The variations in phosphorus and nitrogen concentrations are affected by large-scale processes but also seem to be strongly influenced by local drivers. The decrease in the use of phosphate-containing detergents caused by EU regulations and the reduction of agricultural activities are the main causes of phosphate reduction in the GoN. However, these two processes were observed in different time frames. A comparison with data from older literature (Carrada et al., 1974, 1980; Zingone et al., 1990) suggests a decrease from the 1970s to the second part of the 1990s due to the regulation of detergents, which also had a visible effect in several European seas (Desmit et al., 2019; Moon et al., 2016; Solidoro et al., 2009). In the period 2002–2017, the reduction in agricultural activities had a large local impact on phosphate concentrations. Agriculture plays a minor role in other areas (Artioli et al., 2008; Malagó et al., 2019; White & Hammond, 2009) because P is strongly retained in the soil. It might play a key role in the the GoN because of the characteristics of the volcanic soils of the area (De Vivo et al., 2006; Maisto et al., 2017; Vingiani et al., 2015), which would poorly retain P (Hinsinger, 2001; Penn & Camberato, 2019).
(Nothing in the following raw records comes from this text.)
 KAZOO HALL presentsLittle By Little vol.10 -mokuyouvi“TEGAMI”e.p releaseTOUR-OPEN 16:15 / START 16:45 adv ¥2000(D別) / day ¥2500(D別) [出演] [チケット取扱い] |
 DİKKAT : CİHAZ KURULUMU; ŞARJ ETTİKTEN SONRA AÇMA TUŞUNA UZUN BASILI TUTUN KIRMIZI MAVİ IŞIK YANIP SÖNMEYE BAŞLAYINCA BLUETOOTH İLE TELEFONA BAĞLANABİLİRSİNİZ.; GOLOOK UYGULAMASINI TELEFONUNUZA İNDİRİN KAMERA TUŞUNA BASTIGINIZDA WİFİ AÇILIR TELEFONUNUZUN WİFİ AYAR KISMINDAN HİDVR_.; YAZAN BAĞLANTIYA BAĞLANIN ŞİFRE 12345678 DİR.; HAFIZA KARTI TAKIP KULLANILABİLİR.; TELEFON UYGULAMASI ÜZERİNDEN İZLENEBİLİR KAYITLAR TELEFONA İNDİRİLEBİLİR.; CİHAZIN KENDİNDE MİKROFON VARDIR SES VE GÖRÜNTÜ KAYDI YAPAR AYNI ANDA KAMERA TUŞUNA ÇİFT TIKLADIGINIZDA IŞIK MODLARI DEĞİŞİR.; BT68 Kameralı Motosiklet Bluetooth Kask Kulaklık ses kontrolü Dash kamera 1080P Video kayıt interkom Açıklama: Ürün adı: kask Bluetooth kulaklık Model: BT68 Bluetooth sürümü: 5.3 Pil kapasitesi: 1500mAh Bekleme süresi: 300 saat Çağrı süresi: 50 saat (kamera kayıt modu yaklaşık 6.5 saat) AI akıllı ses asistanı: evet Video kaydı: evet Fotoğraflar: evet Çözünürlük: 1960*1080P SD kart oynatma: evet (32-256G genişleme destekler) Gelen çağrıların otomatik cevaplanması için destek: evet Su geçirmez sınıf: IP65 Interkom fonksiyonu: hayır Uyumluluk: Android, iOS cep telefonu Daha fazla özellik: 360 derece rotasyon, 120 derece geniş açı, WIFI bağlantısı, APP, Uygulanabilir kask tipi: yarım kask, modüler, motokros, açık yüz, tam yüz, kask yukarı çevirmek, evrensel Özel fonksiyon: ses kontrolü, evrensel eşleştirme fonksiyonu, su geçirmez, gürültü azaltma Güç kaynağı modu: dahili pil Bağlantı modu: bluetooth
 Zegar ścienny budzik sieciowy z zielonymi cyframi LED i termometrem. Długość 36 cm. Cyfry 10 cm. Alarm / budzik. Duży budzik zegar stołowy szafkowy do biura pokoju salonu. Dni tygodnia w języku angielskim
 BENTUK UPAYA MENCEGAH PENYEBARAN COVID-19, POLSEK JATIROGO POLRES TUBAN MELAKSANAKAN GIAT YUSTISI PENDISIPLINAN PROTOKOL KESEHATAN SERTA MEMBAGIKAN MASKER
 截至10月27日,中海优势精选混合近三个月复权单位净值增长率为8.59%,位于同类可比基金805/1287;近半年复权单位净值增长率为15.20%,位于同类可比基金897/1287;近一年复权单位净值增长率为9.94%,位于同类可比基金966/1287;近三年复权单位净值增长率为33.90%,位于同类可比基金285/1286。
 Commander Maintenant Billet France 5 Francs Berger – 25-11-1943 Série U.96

A reduction in phosphate concentrations in the 2000s was also observed in the northern Adriatic Sea due to low runoff caused by a deficit in precipitation (Cozzi et al., 2020; Giani et al., 2012) and in the surface layer (0-100 m) of the Western Mediterranean Sea offshore waters (Belgacem et al., 2021).
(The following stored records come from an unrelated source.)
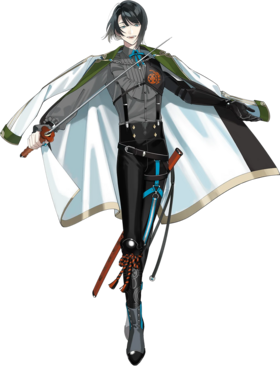 外套依旧是江独有的墨绿色军装,内番唯一一个穿短裤的存在,真剑可以看到脖子左下方有一个对应目钉孔的痣。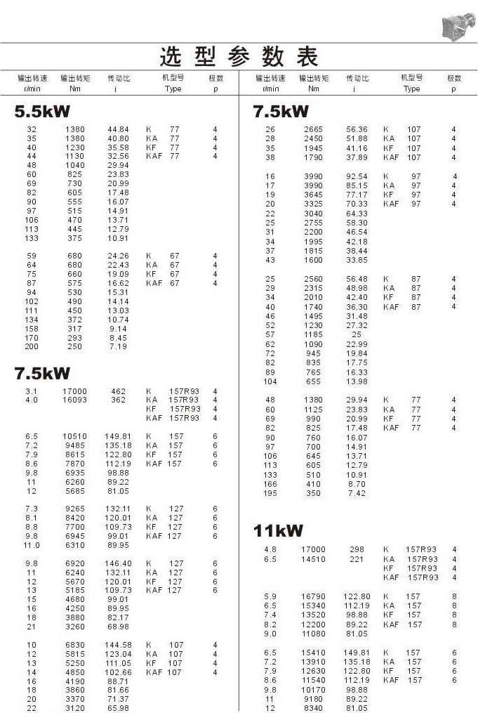 選型參數表5.5kW(續)和7.5kW,11kW
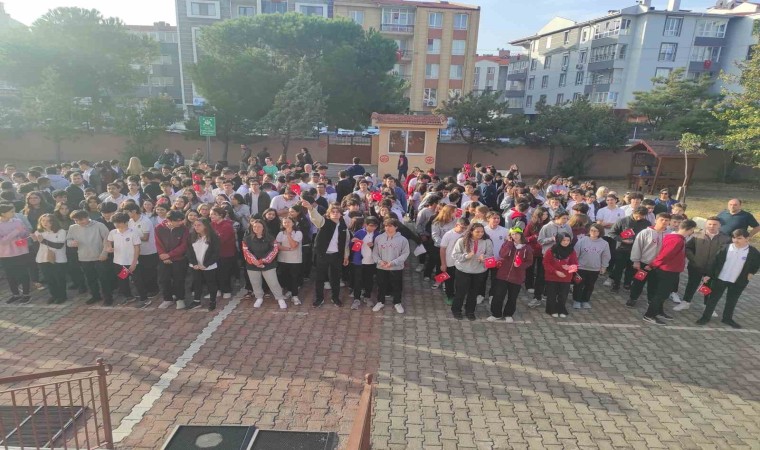 Burhaniye Celal Toraman Anadolu Lisesi öğrencileri, Cumhuriyet Bayramını okul bahçesinde kutladı.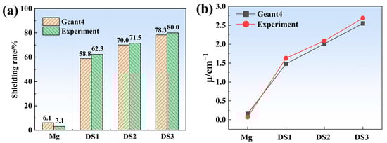 Figure 14 presents the experimental and simulated results of the thermal neutron shielding rate and linear attenuation coefficient for samples with dimensions of 150 mm × 150 mm × 6 mm. Denoting the number of incident neutrons as N0 and the number of neutrons recorded by the detector as N1, the shielding rate is calculated as follows:

For N, the observed interannual variability is more complex. In the second part of the time series, the reduction in ammonia stock could be tentatively attributed to improved wastewater treatment, as observed in other settings (Grizzetti et al., 2012). For the nitrate concentrations, a decreasing trend was observed in the intermediate layer, whereas a significant increase was detected at the bottom. However, direct relationships between activity on land and concentrations at sea are not recognizable. The absence of relationship might be due to the industrial N mobilization index, which tracks inappropriately temporal variations as it does not take into account changes in industrial processes. It could also be due to not linear relationships that imply additional factors, such as climate, local hydrodynamic conditions, and the stock of nutrients previously accumulated (Grizzetti et al., 2012). In this context, the reduced flushing detected in the years 2010–2019 caused by different wind regimes (Kokoszka, Le Roux, et al., 2022) may also explain the increase in nitrate concentration over the last years of the time series.
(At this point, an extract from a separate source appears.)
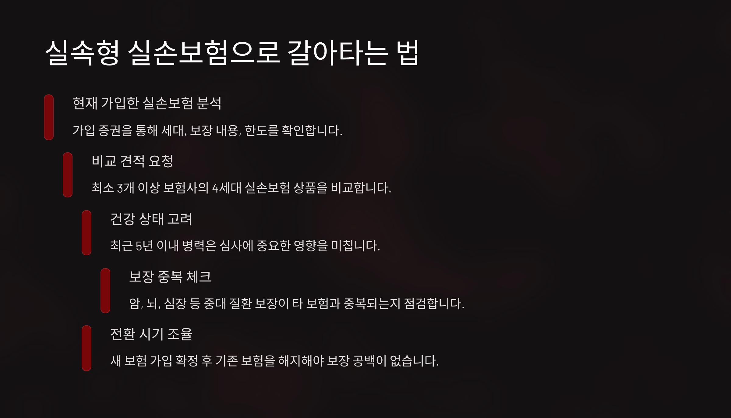 실손보험을 실속형으로 리모델링하려면 다음 절차를 체계적으로 밟는 것이 좋습니다.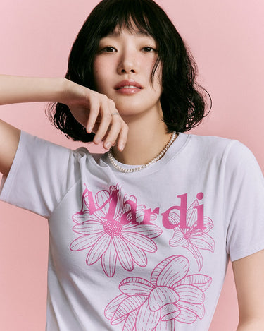 SLIM TSHIRT TRIPLE FLOWER_WHITE PINK

Chlorophyll a concentration displayed strong interannual variations, as well as long-term trends of decrease (1984–1991) and increase (1995–2019). The decrease in the first part of the time series could be related to the estimated reduction in anthropogenic loads, as hypothesized for the nutrient concentrations. By contrast, the increasing trend in the period 1995–2019 is more difficult to explain because nutrient concentrations displayed decreasing trends. However, Chl a interannual variability is linked to local conditions and large-scale phenomena. The increase in lateral advection of fresher water may drive the observed variability, especially during the spring blooms, and may be attributed to rainfall or water circulation variability (Kokoszka, Le Roux, et al., 2022), as also observed in other Mediterranean coastal environments (Kotta & Kitsiou, 2019; Marchese et al., 2015; Polat & Terbiyik, 2013). As rainfall modifications are linked to large-scale atmospheric pressure oscillations (Caloiero et al., 2011; Kokoszka, Le Roux, et al., 2022), local biomass accumulation is indirectly connected to large-scale atmospheric phenomena. A positive trend in Chl a concentration was observed along the coastal areas of the Tyrrhenian Sea during 1998–2009 by satellite (Colella et al., 2016), which seems to confirm that the trends observed locally might be part of a larger-scale phenomenon.